Rose Marie (Marchesseau) Cernazanu

1928 – 2014
Rose Marie (Marchesseau) Cernazanu

 

Rose Marie Cernazanu, 85, joined her Heavenly Father on May 21, following a long and courageous battle with cancer. She passed peacefully at her home in Gold Beach, OR, with her son and daughter by her side.

Rose was born Sept. 15, 1928, on the family cattle ranch in Polaris, to Edward and Wilda Marchesseau. She graduated with the class of 1946 from Beaverhead High School in Dillon, and attended the University of Montana in Missoula. While there, she met Pete Cernazanu, a young man from Romania who became her husband of 60 years. They were married at the Marchesseau ranch on April 10, 1948. They spent their early years together primarily in the Pacific Northwest following Pete’s career with the U.S. Forest Service and raising their daughter, Jeanna, and two sons, Jim and John.

In 1970, Rose and the Cernazanu family arrived in John Day, OR, where she quickly took to fossil hunting. She was the curator for the Oliver Museum in Canyon City, OR, for a period of time and worked in the kitchen at Grant Union High School. She also appeared in the Walt Disney film, Napoleon and Samantha, which was filmed in John Day. After Pete’s retirement on the Malheur National Forest, he and Rose in 1982 moved to Gold Beach, OR, where they managed the Indian Creek RV Park. Charmed by the coast’s beauty and the allure of the Rogue River Chinook, they decided to settle in. Rose quickly caught on to salmon fishing and landed a 42 pounder out of the Rogue.

Growing up in Montana’s breathtaking Grasshopper Valley, riding horseback in the high Cascades of Washington, exploring Eastern Oregon’s high desert and the Southern Oregon Coast allowed Rose to nurture her love of nature and discover many pursuits. She was an adventurous and free spirit who delighted in portraying her life through stories and stagecraft. Her passions included rock-hounding, camping, fossil and arrowhead hunting, fishing, beach combing, clamming, and picking morel mushrooms, huckleberries and wild choke cherries. She loved music, literature, travel and animals. Rose was also known as a formidable opponent on the bowling lanes. She leaves a legacy as “The Montana Gal on Horseback Who Killed the Huge Bear,” the subject of the story that hit the newsstands from San Francisco to Washington DC after she killed a large black bear with a .22 rifle at the age of 16 while tending to a herd of sheep on the family ranch near Polaris. Letters and postcards poured in from across the country from fascinated readers.

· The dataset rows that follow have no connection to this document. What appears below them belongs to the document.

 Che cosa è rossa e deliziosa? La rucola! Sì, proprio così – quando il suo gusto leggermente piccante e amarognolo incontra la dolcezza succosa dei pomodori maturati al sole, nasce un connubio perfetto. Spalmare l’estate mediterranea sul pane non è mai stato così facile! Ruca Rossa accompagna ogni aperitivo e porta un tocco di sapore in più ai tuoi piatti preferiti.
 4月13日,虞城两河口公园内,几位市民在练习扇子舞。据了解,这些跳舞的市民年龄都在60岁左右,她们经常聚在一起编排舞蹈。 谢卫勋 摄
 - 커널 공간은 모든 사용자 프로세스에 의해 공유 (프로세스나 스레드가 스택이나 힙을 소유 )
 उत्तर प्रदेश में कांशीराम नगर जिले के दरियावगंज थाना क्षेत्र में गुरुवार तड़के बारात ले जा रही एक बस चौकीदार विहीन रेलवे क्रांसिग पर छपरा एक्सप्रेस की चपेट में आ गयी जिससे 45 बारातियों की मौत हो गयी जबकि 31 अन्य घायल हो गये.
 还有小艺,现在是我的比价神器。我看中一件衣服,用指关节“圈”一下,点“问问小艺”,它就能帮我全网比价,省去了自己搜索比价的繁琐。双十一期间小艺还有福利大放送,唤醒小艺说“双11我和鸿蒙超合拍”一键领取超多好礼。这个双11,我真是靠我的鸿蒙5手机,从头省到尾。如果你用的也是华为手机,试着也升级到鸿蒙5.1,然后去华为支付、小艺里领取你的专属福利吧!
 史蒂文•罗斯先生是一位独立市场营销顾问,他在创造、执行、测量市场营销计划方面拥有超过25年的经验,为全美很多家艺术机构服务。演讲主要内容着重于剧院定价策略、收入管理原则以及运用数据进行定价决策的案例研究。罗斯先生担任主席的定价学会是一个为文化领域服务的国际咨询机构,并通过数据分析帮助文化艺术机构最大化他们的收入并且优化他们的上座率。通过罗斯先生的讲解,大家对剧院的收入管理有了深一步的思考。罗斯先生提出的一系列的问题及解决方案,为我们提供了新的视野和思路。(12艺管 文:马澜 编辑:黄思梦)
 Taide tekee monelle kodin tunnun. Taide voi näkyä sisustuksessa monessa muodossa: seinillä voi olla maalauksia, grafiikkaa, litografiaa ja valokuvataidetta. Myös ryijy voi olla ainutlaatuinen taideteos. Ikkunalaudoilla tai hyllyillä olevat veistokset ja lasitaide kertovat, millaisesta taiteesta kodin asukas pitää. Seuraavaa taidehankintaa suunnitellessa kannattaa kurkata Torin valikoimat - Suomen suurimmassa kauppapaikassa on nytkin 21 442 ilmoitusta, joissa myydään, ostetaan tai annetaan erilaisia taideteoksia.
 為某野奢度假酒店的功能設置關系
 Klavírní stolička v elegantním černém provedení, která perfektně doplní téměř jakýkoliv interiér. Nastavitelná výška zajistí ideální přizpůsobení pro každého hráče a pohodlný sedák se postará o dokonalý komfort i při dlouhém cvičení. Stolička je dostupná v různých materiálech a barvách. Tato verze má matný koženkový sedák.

Rose was preceded in death by her husband, Pete, and son, Jim, whom she lost just six months ago from brain cancer. She is survived by: daughter and son-in-law Jeanna and Tim Hall, of Portland, OR; son and daughter in-law John and Karen Cernazanu, of Broomfield, CO; daughter in-law Tootie Cernazanu, of John Day, OR; 19 grandchildren; and 20 great-grandchildren. Surviving cousins include: Robert Marchesseault; Jules Marchesseault; James Marchesseault; Tex Marchesseault; Paul Daly; Estelle Bloomquist; Claire Owen; and Jane Dodd.

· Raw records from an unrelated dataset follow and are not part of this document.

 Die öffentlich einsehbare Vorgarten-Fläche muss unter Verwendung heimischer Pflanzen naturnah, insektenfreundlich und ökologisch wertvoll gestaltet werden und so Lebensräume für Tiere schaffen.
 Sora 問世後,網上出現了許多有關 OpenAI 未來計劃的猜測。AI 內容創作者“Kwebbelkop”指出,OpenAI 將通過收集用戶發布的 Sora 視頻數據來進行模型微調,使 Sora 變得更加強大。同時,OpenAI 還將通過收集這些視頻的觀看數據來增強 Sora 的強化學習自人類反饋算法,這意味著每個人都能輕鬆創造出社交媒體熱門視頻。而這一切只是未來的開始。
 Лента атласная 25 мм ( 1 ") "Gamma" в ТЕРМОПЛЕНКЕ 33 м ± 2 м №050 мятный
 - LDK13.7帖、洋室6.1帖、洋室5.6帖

Rose cultivated many close friendships throughout Beaverhead County and in the Gold Beach community, where she was an active member of the Bethany Lutheran Church. Her kindness and compassion for others will be fondly remembered. A memorial service will be held at Bethany Lutheran Church, 94190 5th St., Gold Beach, OR, on Sunday at 1 p.m. In lieu of flowers, donations in her memory may be made to Bethany Lutheran Church, PO Box 1197, Gold Beach, OR 97444. Rose and Pete chose to have their ashes spread at one of their favorite places—“back on the ranch” in the Grasshopper Valley.